What you need to do: Instruction for the entries below: return the part that opens with the line containing "Heilung bei Stößen" and closes with the line containing "131-132㎡四房同样为全南向,部分户型能眺望湖景;", exactly, and no pictures.

═══ Records for processing

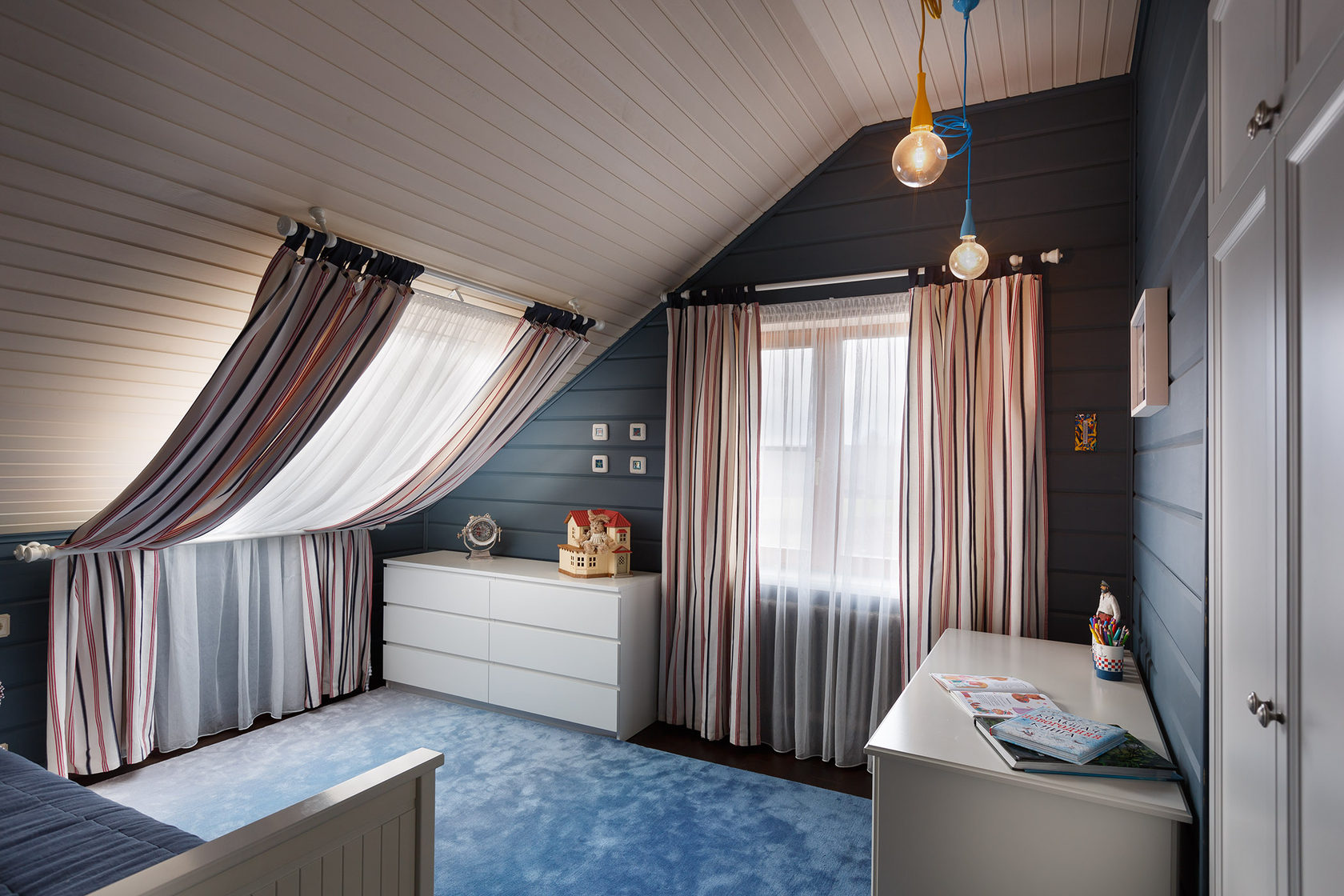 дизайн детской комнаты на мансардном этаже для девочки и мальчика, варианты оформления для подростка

══════
═══ Records for processing

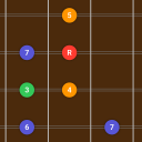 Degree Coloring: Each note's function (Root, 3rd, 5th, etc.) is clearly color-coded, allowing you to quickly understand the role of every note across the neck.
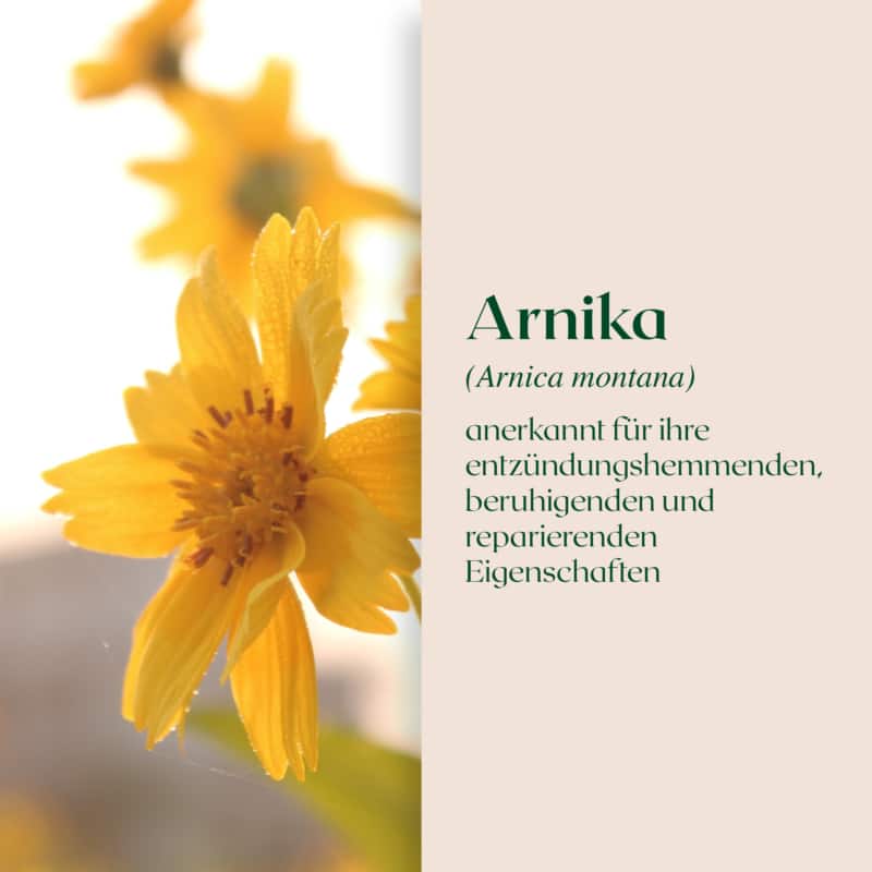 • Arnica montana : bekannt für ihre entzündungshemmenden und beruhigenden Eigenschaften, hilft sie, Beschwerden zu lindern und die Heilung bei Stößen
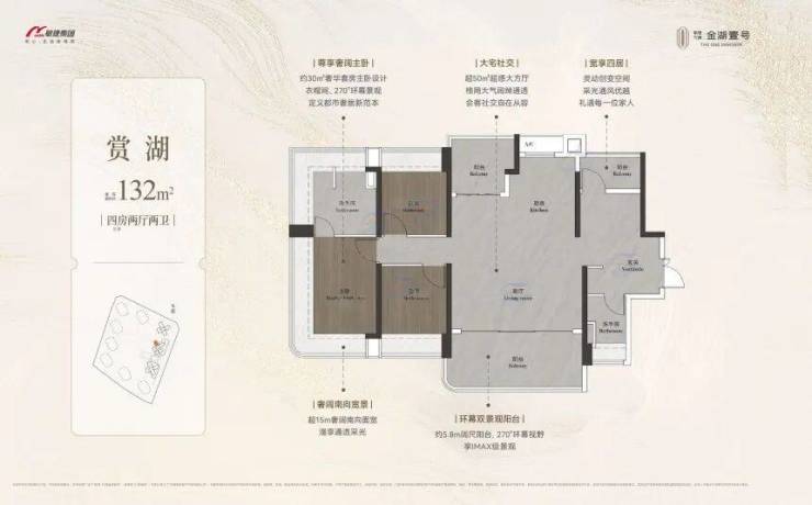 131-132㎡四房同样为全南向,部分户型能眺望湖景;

══════
═══ Records for processing

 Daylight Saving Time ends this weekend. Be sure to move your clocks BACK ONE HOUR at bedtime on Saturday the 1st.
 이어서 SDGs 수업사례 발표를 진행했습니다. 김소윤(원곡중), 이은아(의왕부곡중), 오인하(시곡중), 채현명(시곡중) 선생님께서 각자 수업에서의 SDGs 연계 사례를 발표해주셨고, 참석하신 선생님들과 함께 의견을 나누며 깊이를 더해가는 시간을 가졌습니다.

══════

Response area:
 • Arnica montana : bekannt für ihre entzündungshemmenden und beruhigenden Eigenschaften, hilft sie, Beschwerden zu lindern und die Heilung bei Stößen
 131-132㎡四房同样为全南向,部分户型能眺望湖景;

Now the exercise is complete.